00:06:36.160 But as I've discovered, talking to a couple of people here, I've been here for the past few days.
00:06:43.680 This is not a PostgreSQL talk. Postgres is awesome, we love it, and it's great.
00:06:50.320 But no, I'm not actually going to talk about Postgres things, really.
00:06:55.680 We could be managing, I don't know, bots or something of whatever.
00:07:01.920 It's really more of an architecture talk, right? It's about managing a lot of things in the cloud.
00:07:07.680 Things that we refer to as fleets. Really, it's about managing fleets.
00:07:14.400 And who doesn't love Star Destroyers? Come on!
00:07:19.440 You are a rebel scum!
00:07:25.680 So, if you came here to hear important and cool things about managing Postgres, I’m sorry.
00:07:32.240 And I had this idea of herding elephants because it's thousands of Postgres databases.
00:07:39.440 I'd make this all elephant-and-herd-themed, but it's also not a talk about elephants.
00:07:46.080 If you came here for elephants, I’m sorry; I can't help you.
00:07:52.080 So, quick backstory: Heroku Postgres is actually not a core thing of the Heroku platform itself.
00:07:59.360 We're what's called an add-on. We exist in the add-on marketplace, which is a nice offering from Heroku.
00:08:06.400 It allows you to easily extend and add things to your applications, like New Relic, Redis, and Postgres.
00:08:12.720 You can attach these things as you will.

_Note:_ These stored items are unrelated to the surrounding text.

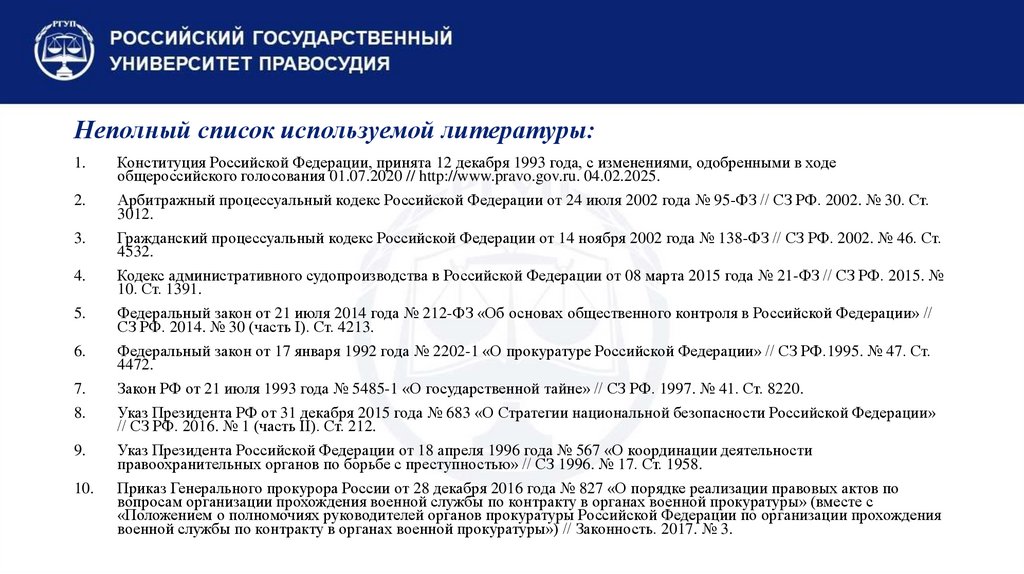 10. Неполный список используемой литературы:
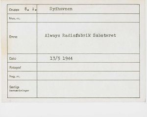 Maskingenkendt tekst fra fotokuvert: Always Radiofabrik Saboteret
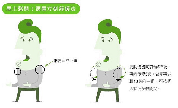 脖子或肩膀感到僵硬、疼痛時,千萬不要再左右轉動脖子發出卡卡的聲音了,這會造成頸椎第二、三節的損傷。將兩手自然放鬆下垂,聳起兩側肩膀後往前轉動、再往後轉動(如圖示),就能得到很好的鬆弛效果。只要有空就做,尤其通勤族坐公車或捷運,開車族等紅燈時就是很好的「復健」時間。
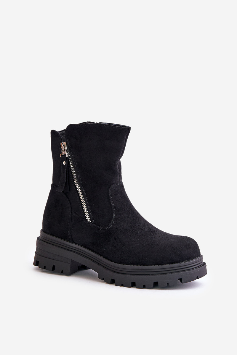 Ocieplane Botki Płaski Obcas Zamki Eko Zamsz Czarne Reloma
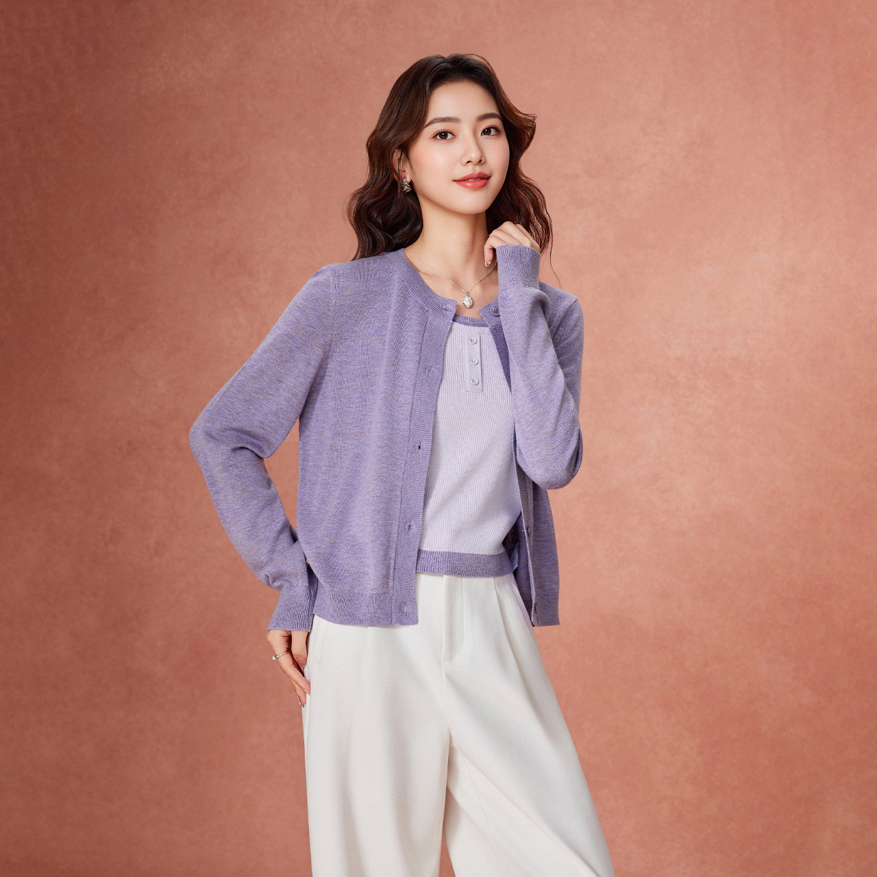 韩版 新款 简约休闲通勤气质百搭毛织两件套上衣 爱依服2025秋季 IEF
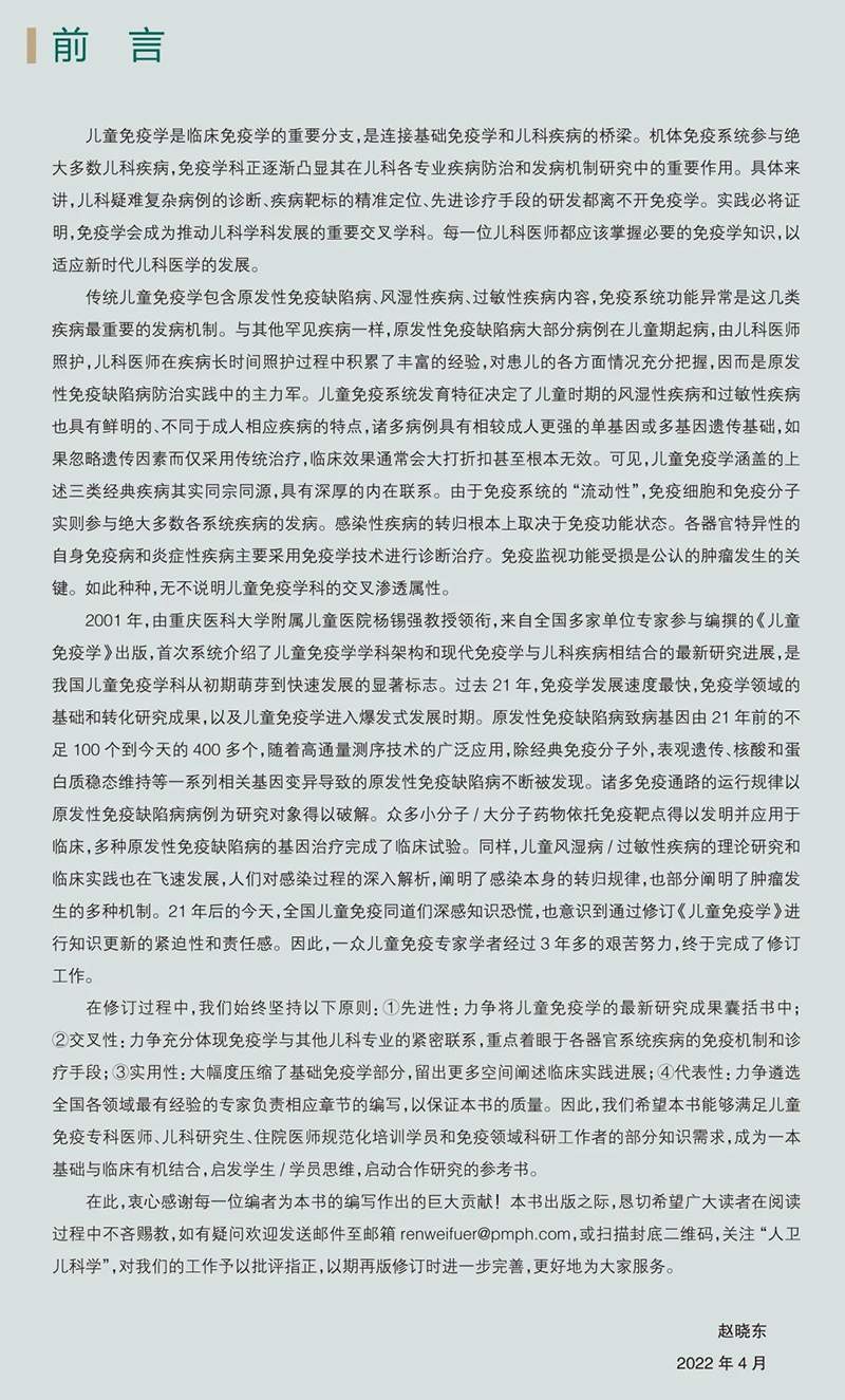 儿童免疫学 第2版 赵晓东 儿童临床免疫学器官系统疾病的免疫机制和诊疗手段 儿科医师参考书 人民卫生出版社9787117330022

00:08:20.000 We were actually one of the first ones, which is cool. We kind of broke a lot of ground and a lot of things.

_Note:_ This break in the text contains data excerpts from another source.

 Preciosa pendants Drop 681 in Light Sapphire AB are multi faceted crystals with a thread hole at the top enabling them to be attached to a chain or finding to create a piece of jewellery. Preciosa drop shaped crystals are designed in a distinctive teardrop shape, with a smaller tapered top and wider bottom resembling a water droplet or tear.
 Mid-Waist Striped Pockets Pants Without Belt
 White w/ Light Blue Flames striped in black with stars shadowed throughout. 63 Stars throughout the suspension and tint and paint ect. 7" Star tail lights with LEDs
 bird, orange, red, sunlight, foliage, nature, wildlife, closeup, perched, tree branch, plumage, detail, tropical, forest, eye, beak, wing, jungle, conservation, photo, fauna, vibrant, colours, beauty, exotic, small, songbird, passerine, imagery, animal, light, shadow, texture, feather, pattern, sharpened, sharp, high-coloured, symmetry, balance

00:08:27.440 So, you can kind of think of it like this: you talk to Heroku, Heroku talks to us.
00:08:34.240 And we're kind of in our own little realm, even though we actually all work for Heroku.
00:08:40.960 We all sit there and eat the awesome lunches and stuff.
00:08:47.200 And all of our applications run on Heroku, so that’s pretty cool.
00:08:54.080 So, Heroku Postgres version zero, the very first thing, was just a single Sinatra application.
00:09:02.240 It used a library called Stem to speak to AWS. Can you read the orange?
00:09:08.160 Oh, so sorry! I'll just read the orange parts. That’s really disappointing; it looked great on my screen.
00:09:13.839 So, we used Stem to talk directly to AWS, and we used SQL to speak directly to the Postgres instance.
00:09:20.799 There weren't that many databases then, so this worked out great!
00:09:26.640 We just had one app and one server, and they talked to each other.
00:09:32.960 This was all great when you didn't have a lot of databases. The goal, design model, or mantra we had was just the simplest thing that could possibly work.
00:09:40.000 But no less, this is a common theme in the DOD; this is something they strive to do.
00:09:46.160 It's just something that's always in the back of our mind.
00:09:52.240 More things, more features mean more broken stuff.
00:09:58.400 Every line of code you write to do anything is something that will bite you at some point.
00:10:05.680 Or, if you move on, it'll bite someone else, and they won’t like you.
00:10:11.760 So, fast forward to now, the latest version has grown into a constellation of applications.
00:10:18.080 About five applications, still all using Sinatra. We're using Fog now to talk to AWS, and we still use SQL to talk to the Postgres instances themselves.
00:10:25.440 We've also grown to use background workers, which is underlined wonderfully with Sidekiq and Q Classic to do the bulk of our work.
00:10:32.160 Now it kind of looks like this: this is nothing groundbreaking, right? It's a constellation of applications.
00:10:38.560 They communicate over APIs, and there’s separation of concerns.
00:10:46.480 We have one that's just in charge of managing the production tier and one that's in charge of the starter tier.
00:10:52.280 We've got one that does your data clips, and you could probably count PG backups in there that does backups and snapshots.
00:10:58.160 There's also an internal one used for administratively managing things.
00:11:04.080 Some of them talk to AWS, some of them don't, but we’ve grown and spread out like that.
00:11:11.040 Almost all these applications are Sinatra, running within Sinatra.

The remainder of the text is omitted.